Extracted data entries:

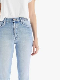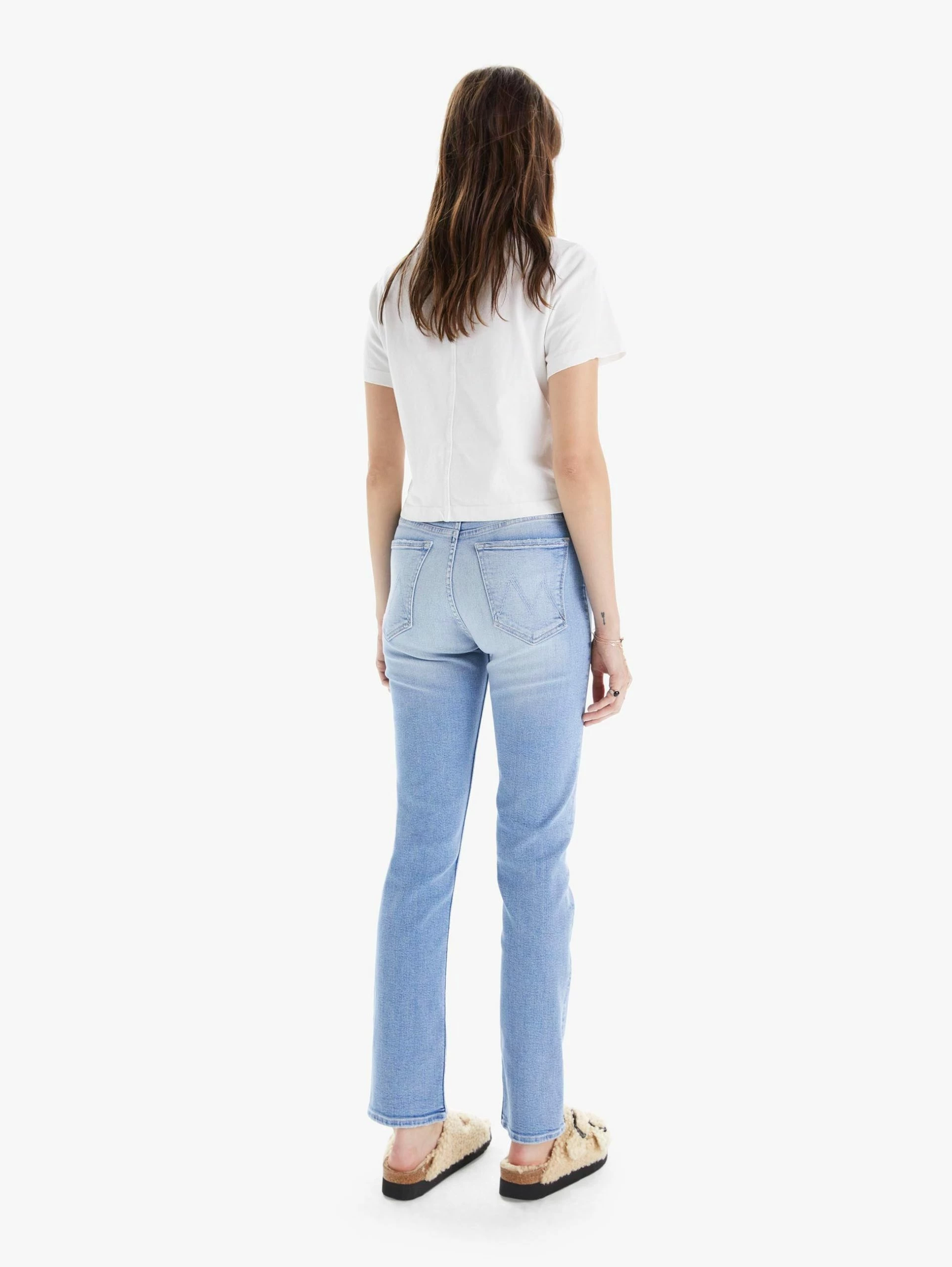 The Mother Denim The Tomcat Skimp in California Cruiser. Our bestselling high-rise straight leg with a button fly, 31-inch inseam and clean hem. Cut from stretch denim, California Cruiser is a light blue wash with fading and whiskering. The button-fly jeans pair well with sun-streaked hair, convertibles and Highway 1.
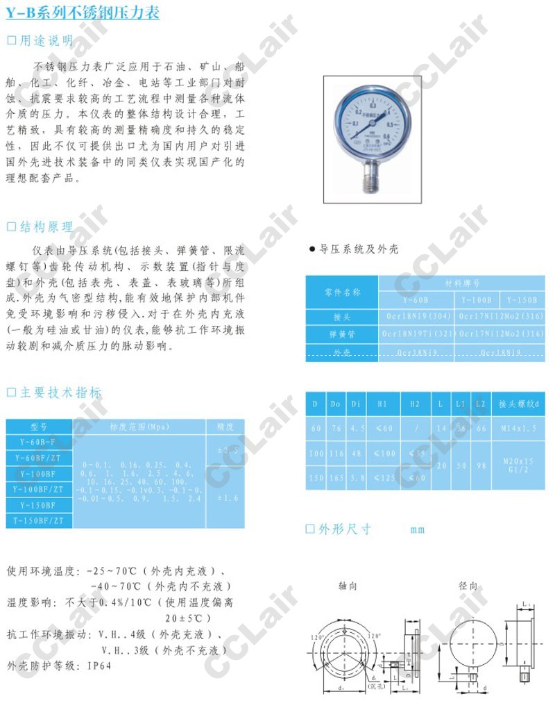 Y-60BF/ZT,Y-100BF,Y-100BF/ZT,Y-150BF,T-150BF/ZT,不銹鋼壓力表,CCLair
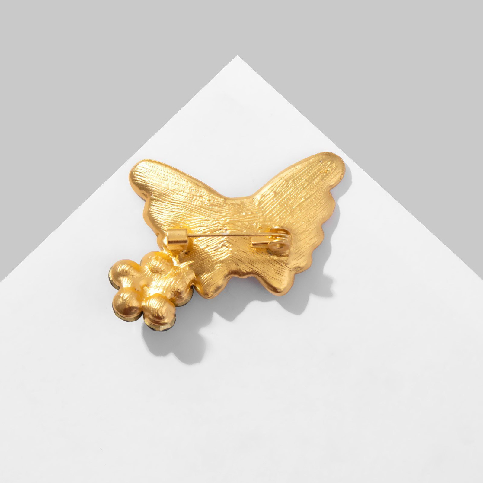 Брошь "Бабочка" с мини-цветочком, фиолетовая в матовом золоте, 5x3.5x1 см., QF, Китай
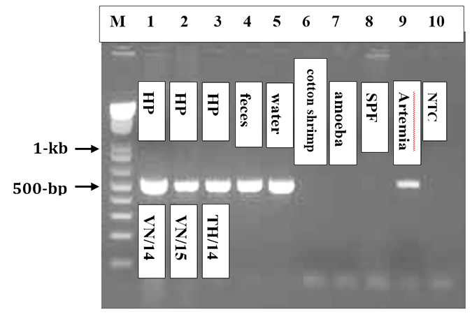 We selected primers for detecting the EHP are EHP-510F (5’-GCCTGAGAGATGGCTCCCACG) and EHP-510R (5’-GCGTACTATCCCCAGAGCCCG) and PCR was performed with DNA extracted from EHP-infected shrimp. The results showed that this PCR can detect EHP-infected shrimp (Fig. 2, lane 1-3); the feces and water samples collected from infected shrimp tanks were also detected with EHP (Fig. 2, lanes 4 & 5). We also tested 2 other parasitic pathogens, an amoeba and the cotton shrimp disease microsporidium, but these EHP-primers did not cross react with them (Fig. 2, lane 6 & 7).
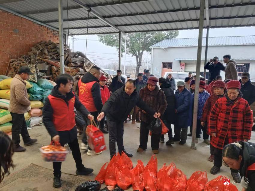 慰问现场,活动广场上一箱箱新鲜水果、一袋袋生鲜鱼肉摆放得整整齐齐,处处洋溢着温馨的节日氛围。月日塘村新时代文明实践站志愿服务队的志愿者们化身“暖心使者”,一边为村民递上慰问礼品、送上新春问候,一边耐心普及冬日防火、用电等安全知识,将关怀与安心送到村民心坎上。
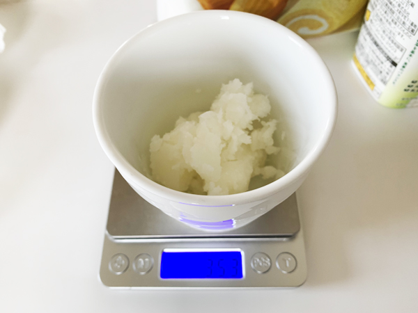 無臭のもの。冬は、固まっていますが液体に戻す。私は、レンチン。重さはほぼ同じです。
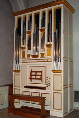 Cet instrument s’inspire en droite ligne de l’orgue italien classique, par son esthétique sonore et par son buffet peint, doré avec la façade plate en mitres, plates-faces et corniches. Comme ce type d’orgue que l’on construisait au 17ème siècle, il comprend un minimum de jeux vraiment indispensables que l’on peut grouper en deux catégories : les jeux de Ripieno (plein jeu) et les jeux Da Concerto (de concert). À première vue, cet ensemble peut paraître limité devant l’importance de bon nombre d’orgues français de l’époque, mais en réalité il est tellement cohérent et parfait qu’il se suffit à lui-même. Les facteurs d’orgues italiens le garderont à peu près intact (tout en l’aménageant un peu) jusqu’à notre siècle, contrairement à d’autres écoles dont la nôtre.
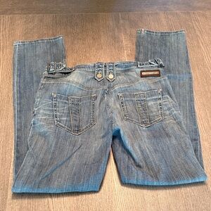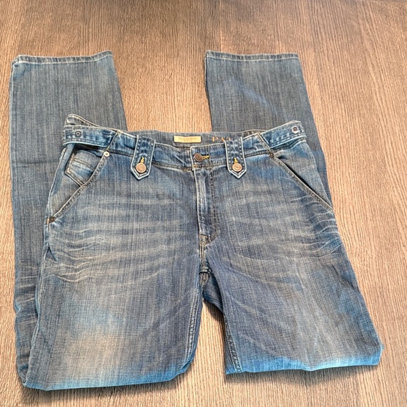 Stylish Burberry boyfriend jeans. Light blue soft denim with a relaxed fit. Perfect for casual wear. Adjustable buckles on sides add a unique touch as well as allowing waist to be adjusted some. Pic with waste measurement shows buckle at last hole. In great condition. Smoke free, pet free home.
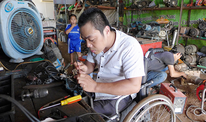 Vượt qua những mặc cảm của bản thân, anh Trung mạnh dạn đến TP Hồ Chí Minh theo học nghề sửa chữa điện cơ tại lớp học nghề dành cho người khuyết tật và trẻ mồ côi.
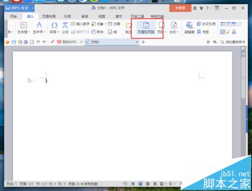 2、在打开的Wps文字程序窗口,打开插入菜单选项卡,点击“页眉和页脚”选项按钮。如图所示;
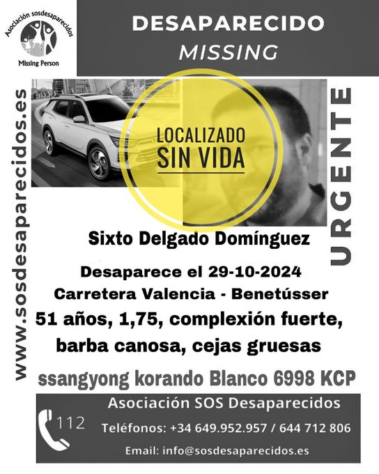 Desaparecido el 29 de octubre en un ssangong Korando blanco 6998KCP en la calle Valencia de Benetússer
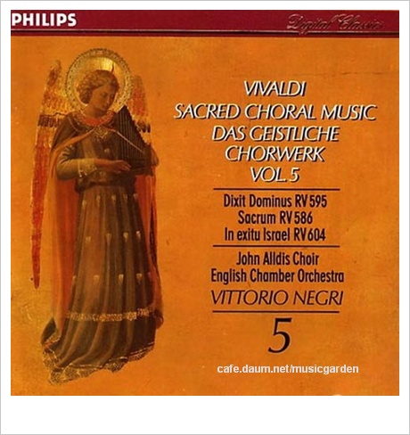 Antonio Vivaldi Dixit Dominus in D major RV 595 주께서 말씀하셨다 6,1,2,3,.....11 순으로 연속듣기 (24'19) 01. Dixit Dominus 02'16 02. Donec ponan inimicos 04'02 03. Virgam virtutis tuae 02'43 04. Tecum principium 02'00 05. Juravit 01'53 06. Dominus a dextris tuis 01'49 07. Judicabit 03'57 08. Da torrente 02'38 09. Gloria Patri 01'59 10. Sicut erat 00'58 11. Et in saecula saeculorum 02'44 Performer Felicity Lott (Soprano), Margaret Marshall (Soprano) Susan Daniel (Mezzo Soprano), Robert Holl (Bass), Thomas Thomaschke (Bass) Michael Laird (Clarino), Anne Collins (Alto) Anthony Rolfe Johnson (Tenor) Ian Wilson (Clarino), Gerald Ruddock (Clarino) Olga Hegedus (Cello), Dietrich Bethge (Cello) English Chamber Orchestra John Alldis Choir Vittorio Negri, cond 1979 년 녹음 *음원 출처(국외 사이트)
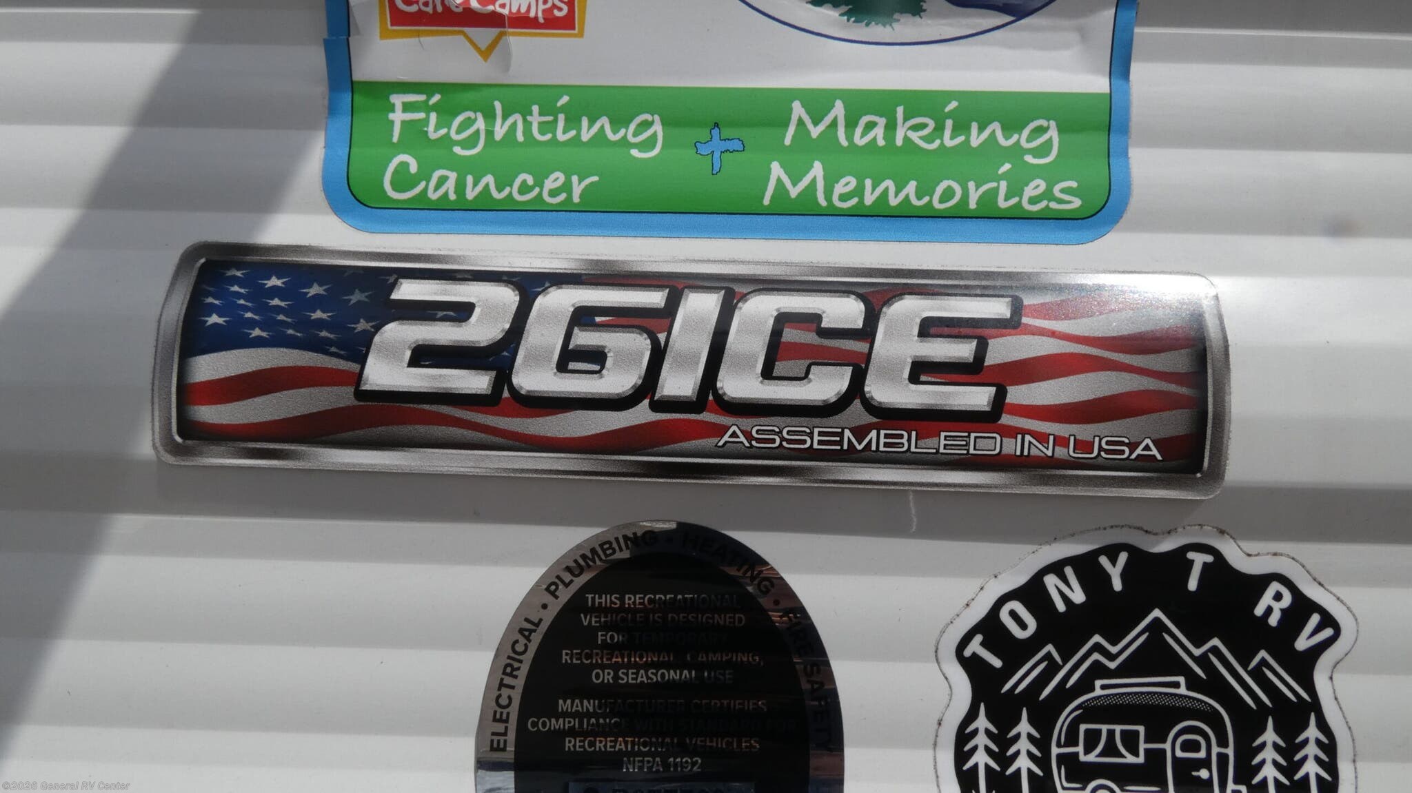 Forest River Salem Cruise Lite travel trailer 26ICE highlights: Front Private Bedroom Large Slide Out Pull-Out Drawers 16' Power Awning Fireplace Pass-Through Storage You're sure to make camping memories in this spacious travel trailer! You can easily sleep eight people each night thanks to the double-size bunks, the custom king bed with Versa Tilt in the front bedroom plus the Versa-Lounge within the large slide out! The three burner cooktop and microwave oven will let you make meals each day, and you'll appreciate the hidden pantry with shelves behind the fireplace. There is also a booth dinette where you can dine together or play a game of cards after dinner is cleaned up, or you may just find yourselves outdoors under the 16' power awning with LED lights. And don't overlook the full bath, complete with a tub/shower that will make bath time easier if you have little ones. Each one of these Forest River Salem Cruise Lite travel trailers offer quality and value with a full list of great features! They are built with a Dicor PVC roof membrane, a powder coated I-beam frame, a cambered chassis, and a triple seal slide system. The aerodynamic front radius profile makes it easier to tow these units, and the diamond plate rock guard will keep your unit protected while traveling down the road. Some of the new features you will enjoy are the upgraded shower head and upgraded high-rise spring kitchen faucet, the 60K tankless water heater, upgraded slide out fascia, and more!
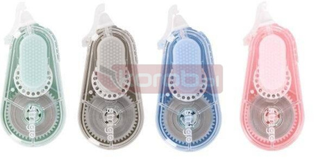 Korektorw taśmie, w przezroczystej, ergonomicznej obudowie umożliwiającej kontrole zużycia taśmy. WyJątkowo odporna taśma nie rozrywa się ani nie pęKa. Korektor szybko schnie oraz nadaje się do wszystkich rodzajów papieru. Szerokaśt taśmy: 5mm, dlugaśt taśmy: 6m. Dostępny w czterech kolorach: zielony, żółty, niebieski, różowy.
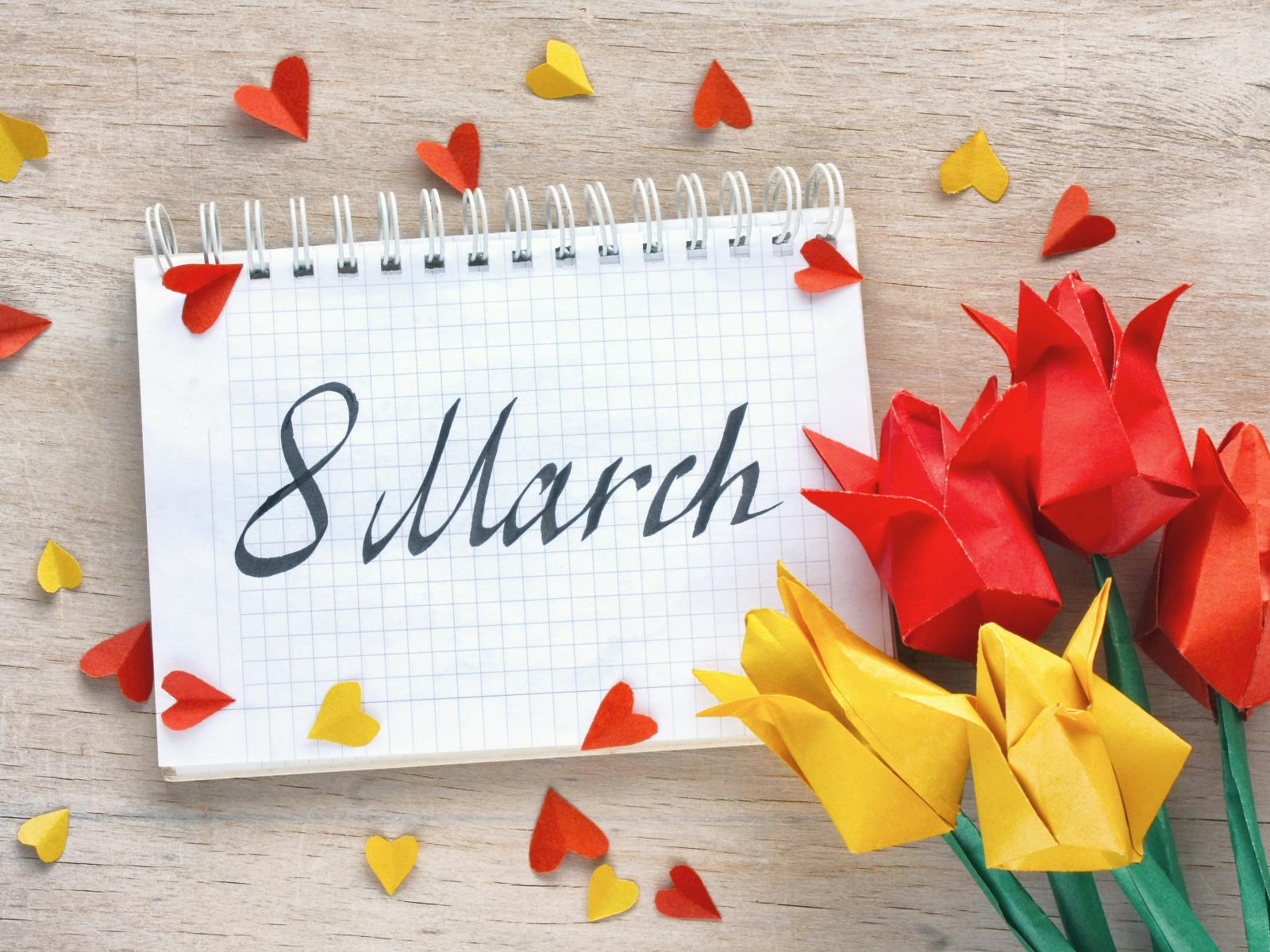 Обои Тюльпаны оригами с блокнотом на 8 марта

== DIRECTIONS ==
From the entries above, output every line exactly and omit any image.

== ANSWER SPACE ==
 The Mother Denim The Tomcat Skimp in California Cruiser. Our bestselling high-rise straight leg with a button fly, 31-inch inseam and clean hem. Cut from stretch denim, California Cruiser is a light blue wash with fading and whiskering. The button-fly jeans pair well with sun-streaked hair, convertibles and Highway 1.
 Y-60BF/ZT,Y-100BF,Y-100BF/ZT,Y-150BF,T-150BF/ZT,不銹鋼壓力表,CCLair
 Брошь "Бабочка" с мини-цветочком, фиолетовая в матовом золоте, 5x3.5x1 см., QF, Китай
 We selected primers for detecting the EHP are EHP-510F (5’-GCCTGAGAGATGGCTCCCACG) and EHP-510R (5’-GCGTACTATCCCCAGAGCCCG) and PCR was performed with DNA extracted from EHP-infected shrimp. The results showed that this PCR can detect EHP-infected shrimp (Fig. 2, lane 1-3); the feces and water samples collected from infected shrimp tanks were also detected with EHP (Fig. 2, lanes 4 & 5). We also tested 2 other parasitic pathogens, an amoeba and the cotton shrimp disease microsporidium, but these EHP-primers did not cross react with them (Fig. 2, lane 6 & 7).
 慰问现场,活动广场上一箱箱新鲜水果、一袋袋生鲜鱼肉摆放得整整齐齐,处处洋溢着温馨的节日氛围。月日塘村新时代文明实践站志愿服务队的志愿者们化身“暖心使者”,一边为村民递上慰问礼品、送上新春问候,一边耐心普及冬日防火、用电等安全知识,将关怀与安心送到村民心坎上。
 無臭のもの。冬は、固まっていますが液体に戻す。私は、レンチン。重さはほぼ同じです。
 Cet instrument s’inspire en droite ligne de l’orgue italien classique, par son esthétique sonore et par son buffet peint, doré avec la façade plate en mitres, plates-faces et corniches. Comme ce type d’orgue que l’on construisait au 17ème siècle, il comprend un minimum de jeux vraiment indispensables que l’on peut grouper en deux catégories : les jeux de Ripieno (plein jeu) et les jeux Da Concerto (de concert). À première vue, cet ensemble peut paraître limité devant l’importance de bon nombre d’orgues français de l’époque, mais en réalité il est tellement cohérent et parfait qu’il se suffit à lui-même. Les facteurs d’orgues italiens le garderont à peu près intact (tout en l’aménageant un peu) jusqu’à notre siècle, contrairement à d’autres écoles dont la nôtre.
 Stylish Burberry boyfriend jeans. Light blue soft denim with a relaxed fit. Perfect for casual wear. Adjustable buckles on sides add a unique touch as well as allowing waist to be adjusted some. Pic with waste measurement shows buckle at last hole. In great condition. Smoke free, pet free home.
 Vượt qua những mặc cảm của bản thân, anh Trung mạnh dạn đến TP Hồ Chí Minh theo học nghề sửa chữa điện cơ tại lớp học nghề dành cho người khuyết tật và trẻ mồ côi.
 2、在打开的Wps文字程序窗口,打开插入菜单选项卡,点击“页眉和页脚”选项按钮。如图所示;
 Desaparecido el 29 de octubre en un ssangong Korando blanco 6998KCP en la calle Valencia de Benetússer
 Antonio Vivaldi Dixit Dominus in D major RV 595 주께서 말씀하셨다 6,1,2,3,.....11 순으로 연속듣기 (24'19) 01. Dixit Dominus 02'16 02. Donec ponan inimicos 04'02 03. Virgam virtutis tuae 02'43 04. Tecum principium 02'00 05. Juravit 01'53 06. Dominus a dextris tuis 01'49 07. Judicabit 03'57 08. Da torrente 02'38 09. Gloria Patri 01'59 10. Sicut erat 00'58 11. Et in saecula saeculorum 02'44 Performer Felicity Lott (Soprano), Margaret Marshall (Soprano) Susan Daniel (Mezzo Soprano), Robert Holl (Bass), Thomas Thomaschke (Bass) Michael Laird (Clarino), Anne Collins (Alto) Anthony Rolfe Johnson (Tenor) Ian Wilson (Clarino), Gerald Ruddock (Clarino) Olga Hegedus (Cello), Dietrich Bethge (Cello) English Chamber Orchestra John Alldis Choir Vittorio Negri, cond 1979 년 녹음 *음원 출처(국외 사이트)
 Forest River Salem Cruise Lite travel trailer 26ICE highlights: Front Private Bedroom Large Slide Out Pull-Out Drawers 16' Power Awning Fireplace Pass-Through Storage You're sure to make camping memories in this spacious travel trailer! You can easily sleep eight people each night thanks to the double-size bunks, the custom king bed with Versa Tilt in the front bedroom plus the Versa-Lounge within the large slide out! The three burner cooktop and microwave oven will let you make meals each day, and you'll appreciate the hidden pantry with shelves behind the fireplace. There is also a booth dinette where you can dine together or play a game of cards after dinner is cleaned up, or you may just find yourselves outdoors under the 16' power awning with LED lights. And don't overlook the full bath, complete with a tub/shower that will make bath time easier if you have little ones. Each one of these Forest River Salem Cruise Lite travel trailers offer quality and value with a full list of great features! They are built with a Dicor PVC roof membrane, a powder coated I-beam frame, a cambered chassis, and a triple seal slide system. The aerodynamic front radius profile makes it easier to tow these units, and the diamond plate rock guard will keep your unit protected while traveling down the road. Some of the new features you will enjoy are the upgraded shower head and upgraded high-rise spring kitchen faucet, the 60K tankless water heater, upgraded slide out fascia, and more!
 Korektorw taśmie, w przezroczystej, ergonomicznej obudowie umożliwiającej kontrole zużycia taśmy. WyJątkowo odporna taśma nie rozrywa się ani nie pęKa. Korektor szybko schnie oraz nadaje się do wszystkich rodzajów papieru. Szerokaśt taśmy: 5mm, dlugaśt taśmy: 6m. Dostępny w czterech kolorach: zielony, żółty, niebieski, różowy.
 Обои Тюльпаны оригами с блокнотом на 8 марта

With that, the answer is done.